--- START ---
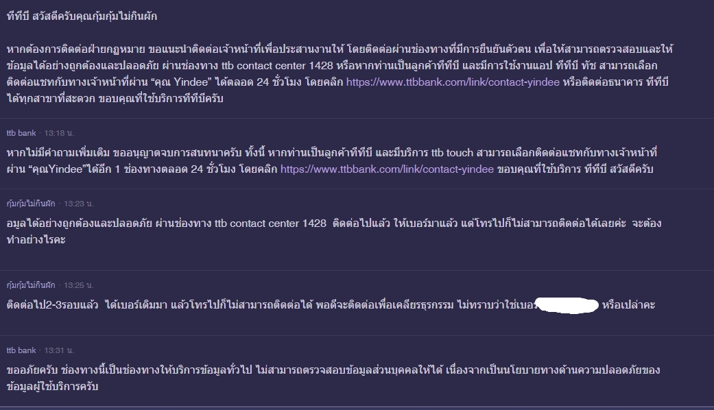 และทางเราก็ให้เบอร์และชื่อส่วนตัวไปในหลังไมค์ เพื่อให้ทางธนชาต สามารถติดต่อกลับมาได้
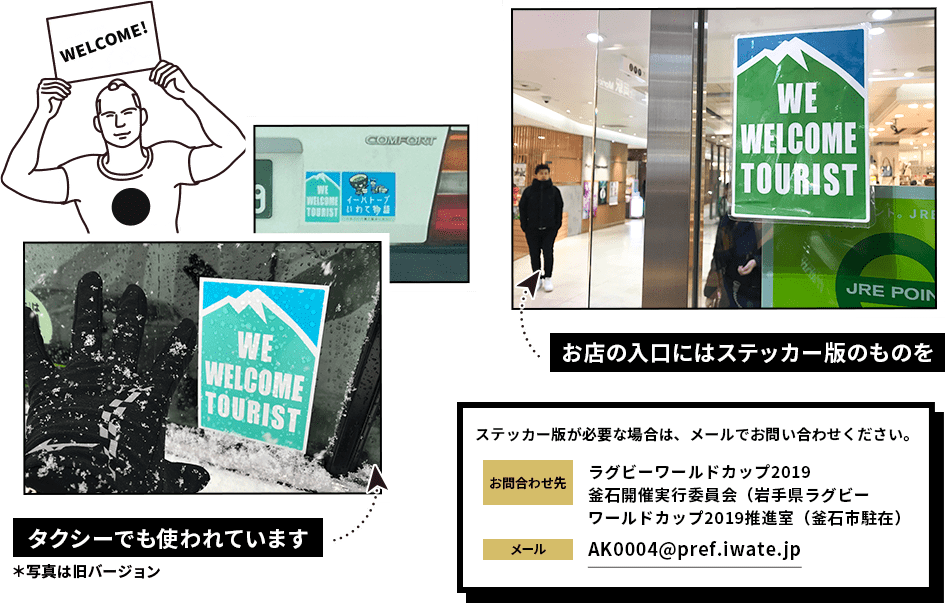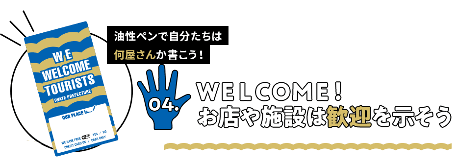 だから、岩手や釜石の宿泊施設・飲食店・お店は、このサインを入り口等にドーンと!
--- END ---
--- START ---
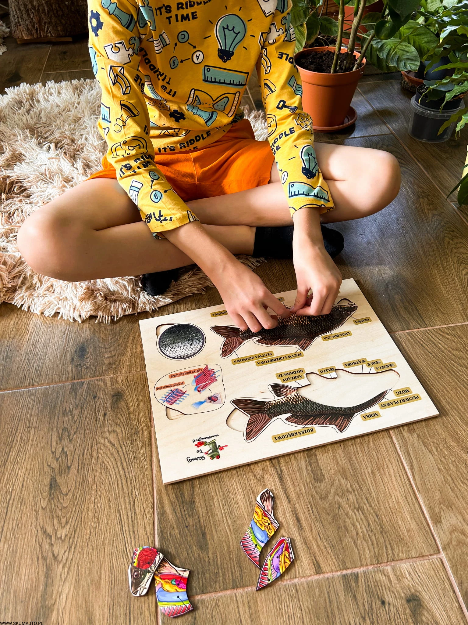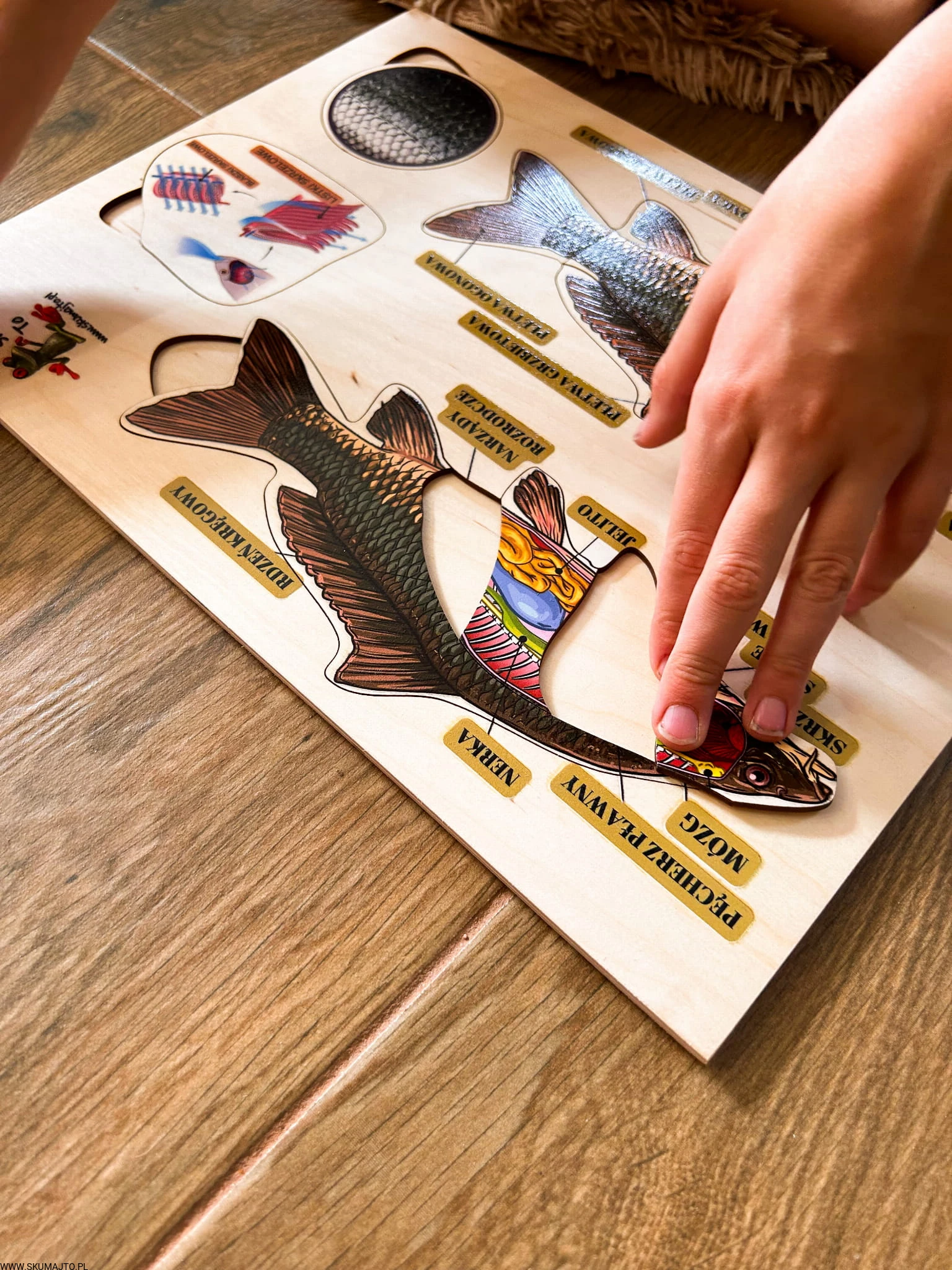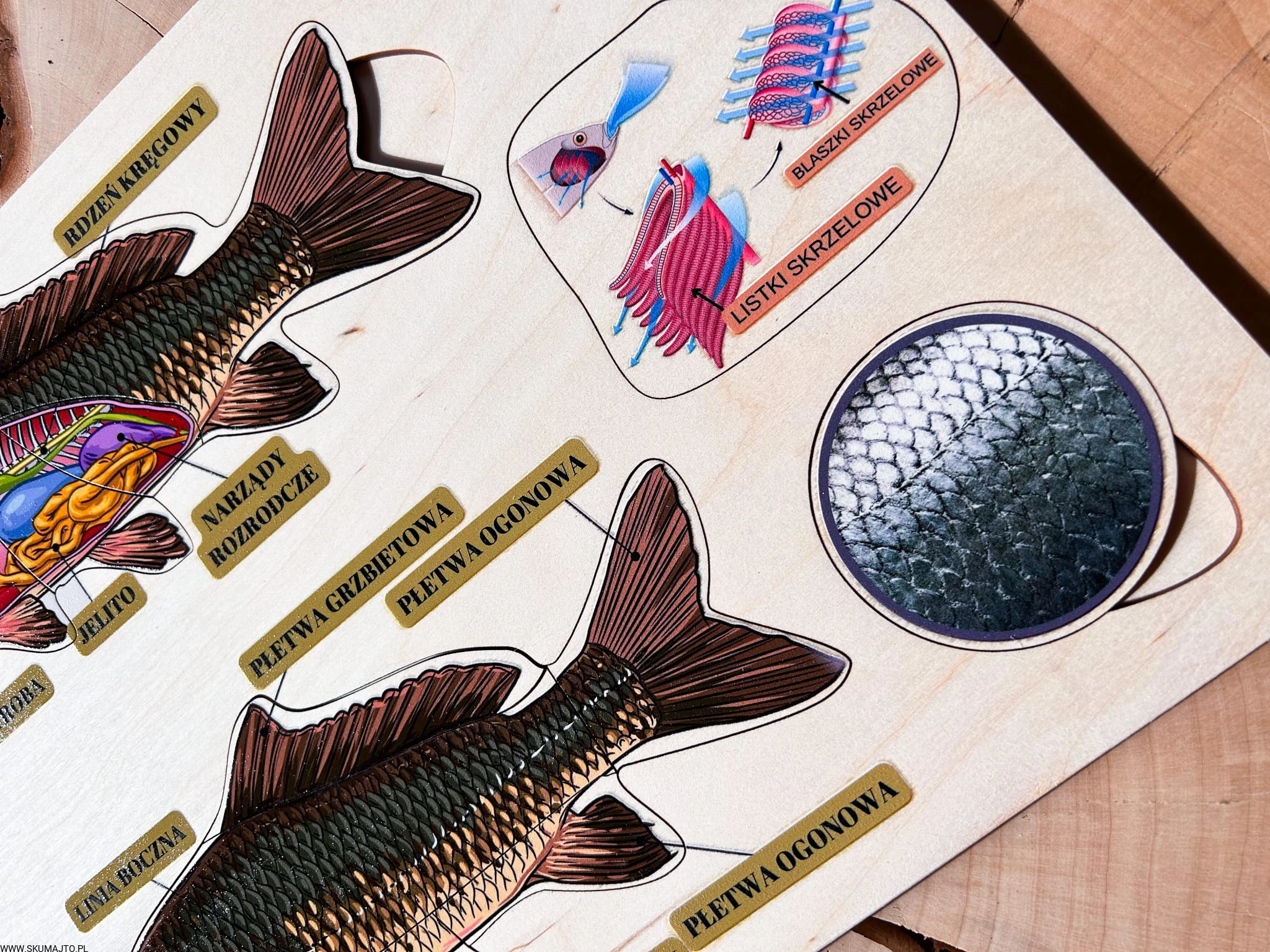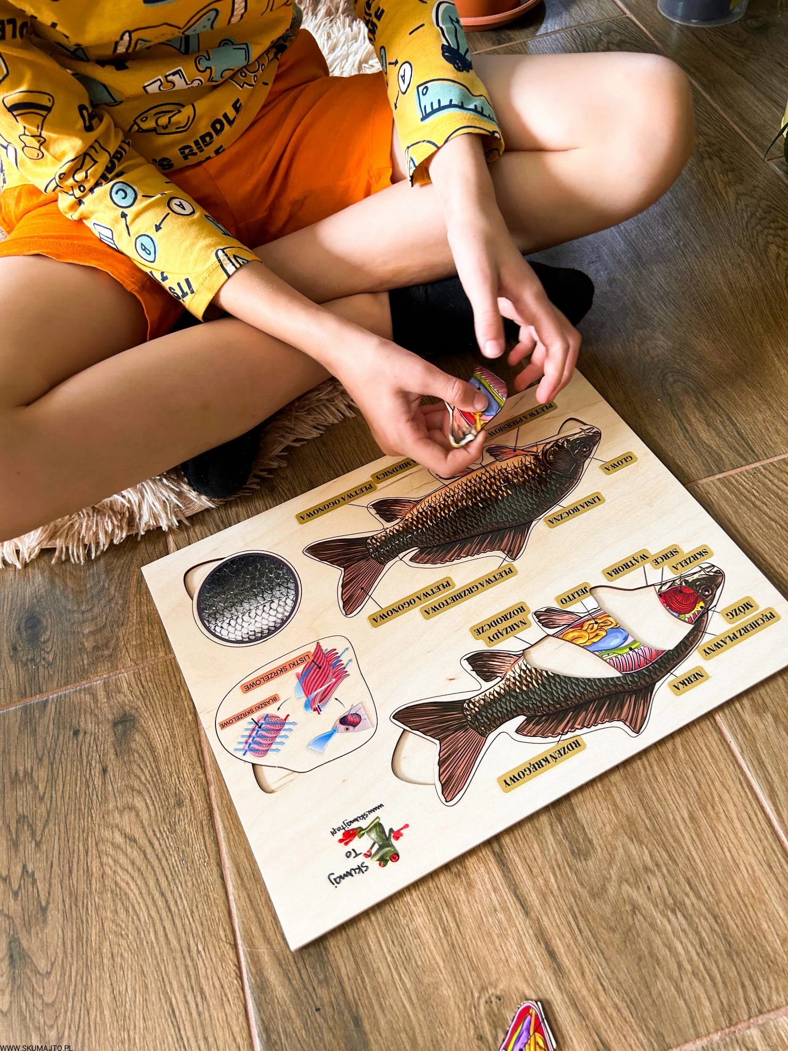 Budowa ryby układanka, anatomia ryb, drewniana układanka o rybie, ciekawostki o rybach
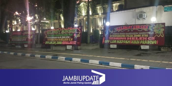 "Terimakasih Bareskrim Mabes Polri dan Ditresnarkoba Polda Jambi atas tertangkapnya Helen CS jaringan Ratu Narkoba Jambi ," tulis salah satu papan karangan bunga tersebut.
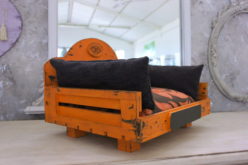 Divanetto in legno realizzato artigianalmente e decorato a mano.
--- END ---
▶ **YOUR OBJECTIVE**
Among the entries above, find the line with "Budowa ryby układanka, anatomia" and repeat exactly from there through the line with "Divanetto in legno", leaving out the pictures.

▶ **RESPONSE AREA**
 Budowa ryby układanka, anatomia ryb, drewniana układanka o rybie, ciekawostki o rybach
 "Terimakasih Bareskrim Mabes Polri dan Ditresnarkoba Polda Jambi atas tertangkapnya Helen CS jaringan Ratu Narkoba Jambi ," tulis salah satu papan karangan bunga tersebut.
 Divanetto in legno realizzato artigianalmente e decorato a mano.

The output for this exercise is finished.